**DESCRIPTION OF THE TASK**
Transcribe only the lines in the data below falling between the line with "ÅBO //// A * i ////" and the line with "カップ戦では吉長真優が入る事", including those two lines, and leave out any picture.

**INPUT RECORDS**
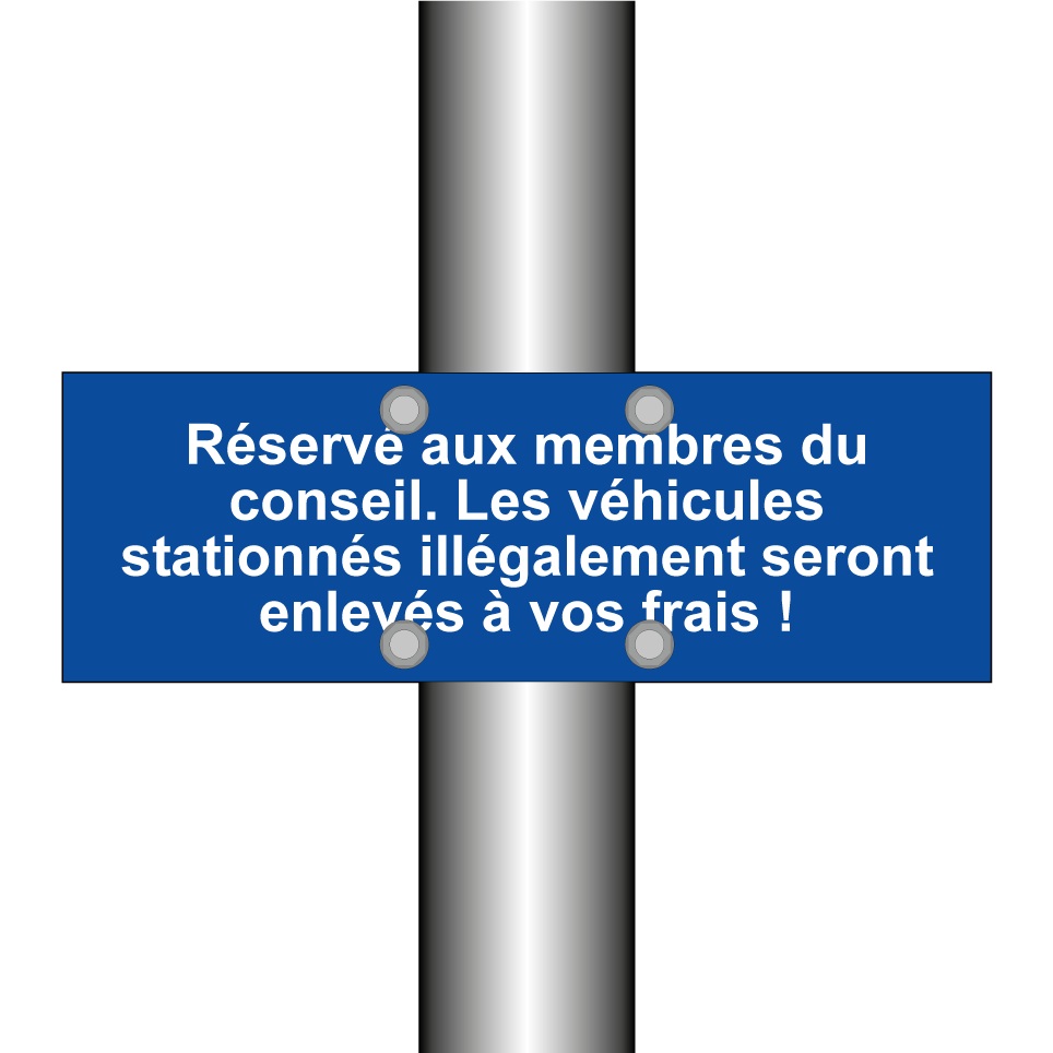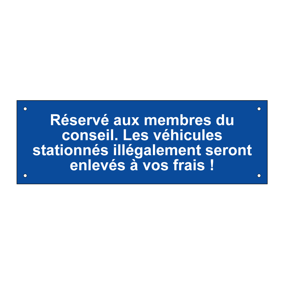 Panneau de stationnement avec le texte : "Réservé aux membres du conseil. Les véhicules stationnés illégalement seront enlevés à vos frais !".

---

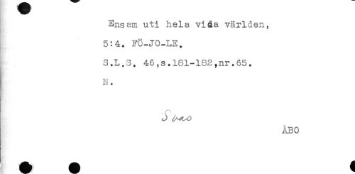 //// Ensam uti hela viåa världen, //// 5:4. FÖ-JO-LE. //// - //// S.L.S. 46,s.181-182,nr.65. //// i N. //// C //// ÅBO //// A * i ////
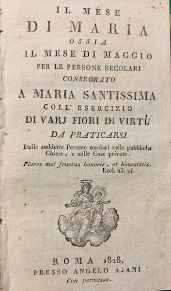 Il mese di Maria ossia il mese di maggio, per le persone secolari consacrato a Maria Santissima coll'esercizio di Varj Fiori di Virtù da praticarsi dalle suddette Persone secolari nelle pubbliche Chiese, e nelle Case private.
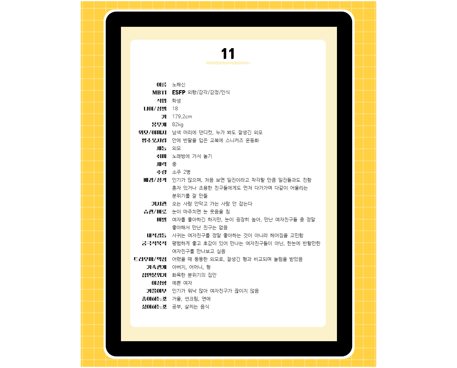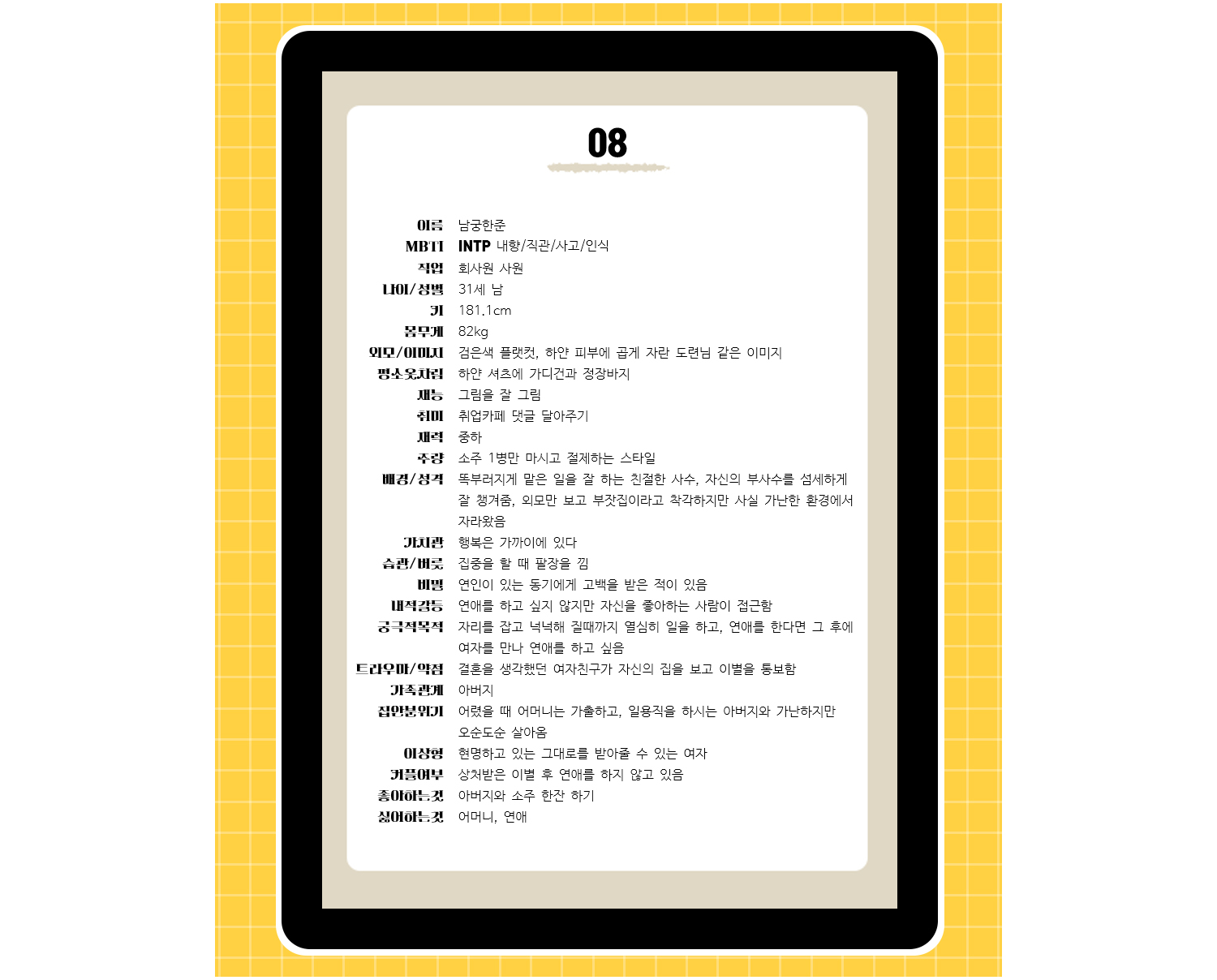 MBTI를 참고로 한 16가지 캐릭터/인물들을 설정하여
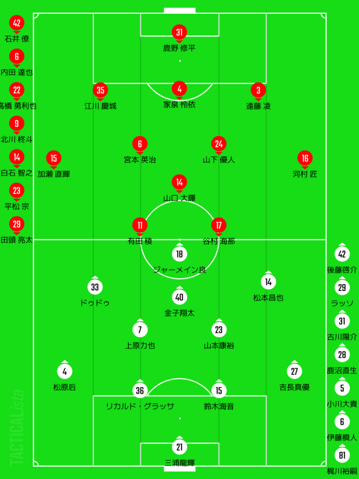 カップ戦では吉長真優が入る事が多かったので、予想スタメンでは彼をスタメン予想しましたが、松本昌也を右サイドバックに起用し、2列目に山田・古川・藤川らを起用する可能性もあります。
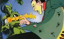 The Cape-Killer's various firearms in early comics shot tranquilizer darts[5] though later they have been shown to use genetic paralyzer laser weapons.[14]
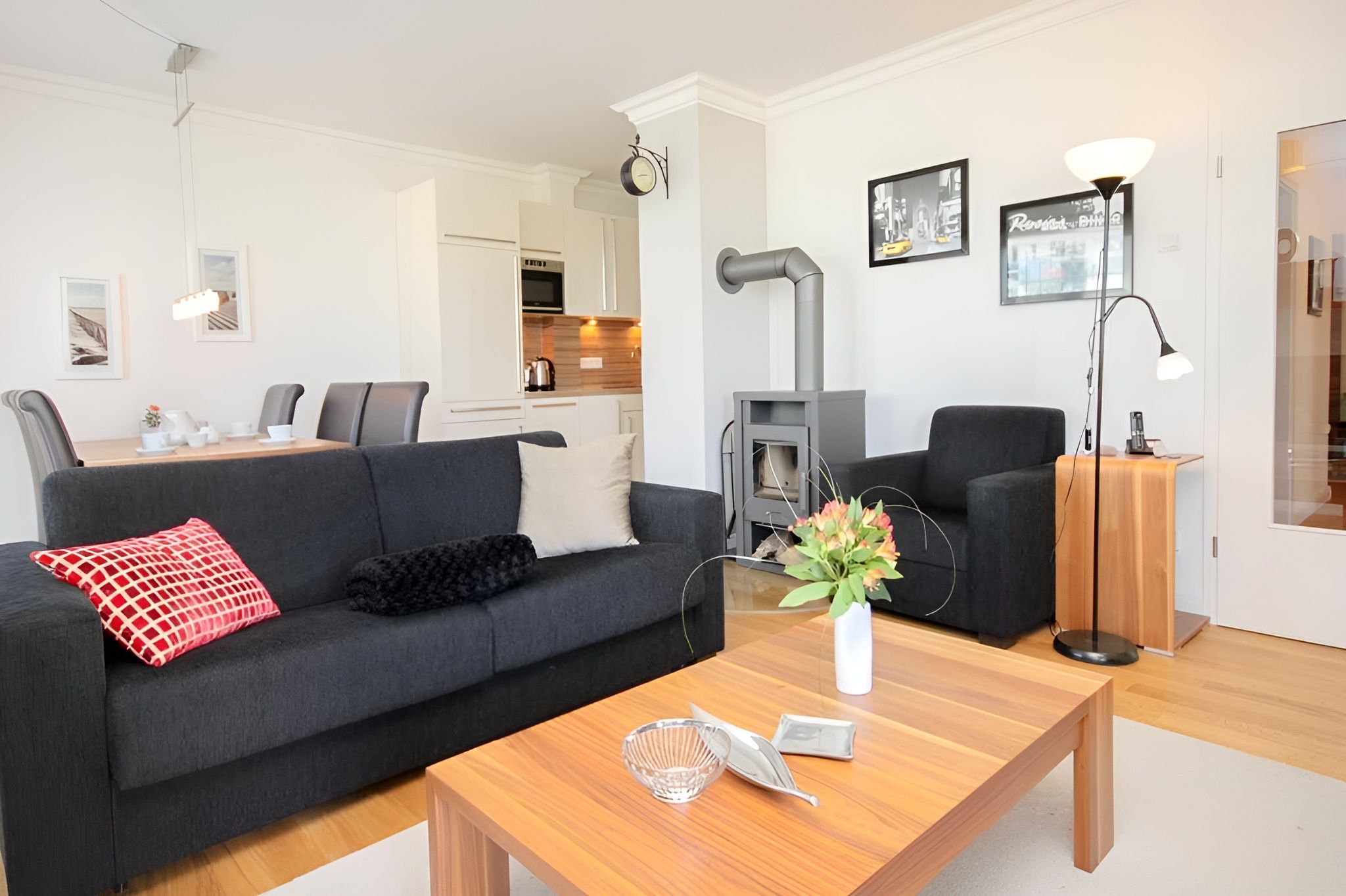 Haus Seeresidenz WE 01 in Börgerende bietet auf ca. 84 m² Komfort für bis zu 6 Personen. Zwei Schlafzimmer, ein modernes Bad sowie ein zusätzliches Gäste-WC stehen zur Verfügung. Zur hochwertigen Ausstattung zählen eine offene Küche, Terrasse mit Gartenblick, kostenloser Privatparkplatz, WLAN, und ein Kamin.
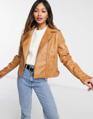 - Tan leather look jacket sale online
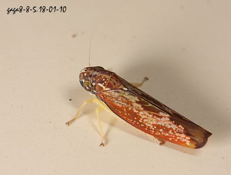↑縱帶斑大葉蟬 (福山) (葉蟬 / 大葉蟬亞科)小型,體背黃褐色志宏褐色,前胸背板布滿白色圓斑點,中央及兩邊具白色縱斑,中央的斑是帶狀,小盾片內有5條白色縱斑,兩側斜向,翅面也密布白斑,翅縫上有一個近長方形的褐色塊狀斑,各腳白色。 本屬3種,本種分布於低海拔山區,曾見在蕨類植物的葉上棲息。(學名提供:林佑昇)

**WRITTEN RESPONSE**
 //// Ensam uti hela viåa världen, //// 5:4. FÖ-JO-LE. //// - //// S.L.S. 46,s.181-182,nr.65. //// i N. //// C //// ÅBO //// A * i ////
 Il mese di Maria ossia il mese di maggio, per le persone secolari consacrato a Maria Santissima coll'esercizio di Varj Fiori di Virtù da praticarsi dalle suddette Persone secolari nelle pubbliche Chiese, e nelle Case private.
 MBTI를 참고로 한 16가지 캐릭터/인물들을 설정하여
 カップ戦では吉長真優が入る事が多かったので、予想スタメンでは彼をスタメン予想しましたが、松本昌也を右サイドバックに起用し、2列目に山田・古川・藤川らを起用する可能性もあります。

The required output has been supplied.